Transcribe the listing exactly, leaving out every picture.

*COLLECTED MATERIAL:*
__________________________________________________

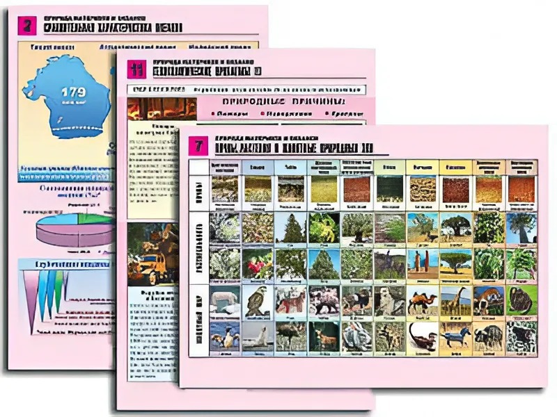 Комплект таблиц по географии "Природа материков и океанов" раздаточные (цветные, ламинированные, А4, 12 штук) - fgospostavki.ru - Зеленогорск
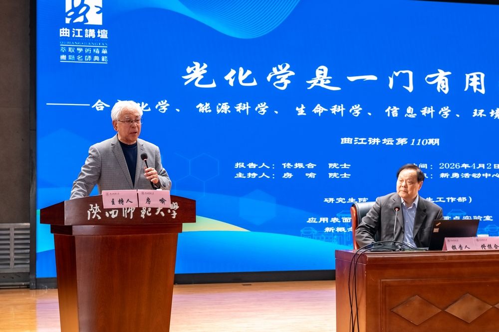 On the morning of April 2, Tong Zhenhe delivered a report titled “Photochemistry: A Useful Science — Photochemistry in Synthetic Chemistry, Energy Science, Life Sciences, Information Science, Environmental Science, and Public Safety” at the 110th session of SNNU “Qujiang Forum”.
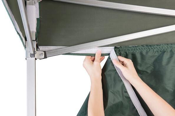 Le petit plus pratique : votre pavillon peut être personnalisé selon vos envies. Grâce aux bâches de rechange disponibles séparément, agrémentez la structure d'une porte ou d'une fenêtre. Il suffit de peu pour vous créer un véritable petit nid estival.

__________________________________________________

*ANSWER FOR THIS EXERCISE:*
 Комплект таблиц по географии "Природа материков и океанов" раздаточные (цветные, ламинированные, А4, 12 штук) - fgospostavki.ru - Зеленогорск
 On the morning of April 2, Tong Zhenhe delivered a report titled “Photochemistry: A Useful Science — Photochemistry in Synthetic Chemistry, Energy Science, Life Sciences, Information Science, Environmental Science, and Public Safety” at the 110th session of SNNU “Qujiang Forum”.
 Le petit plus pratique : votre pavillon peut être personnalisé selon vos envies. Grâce aux bâches de rechange disponibles séparément, agrémentez la structure d'une porte ou d'une fenêtre. Il suffit de peu pour vous créer un véritable petit nid estival.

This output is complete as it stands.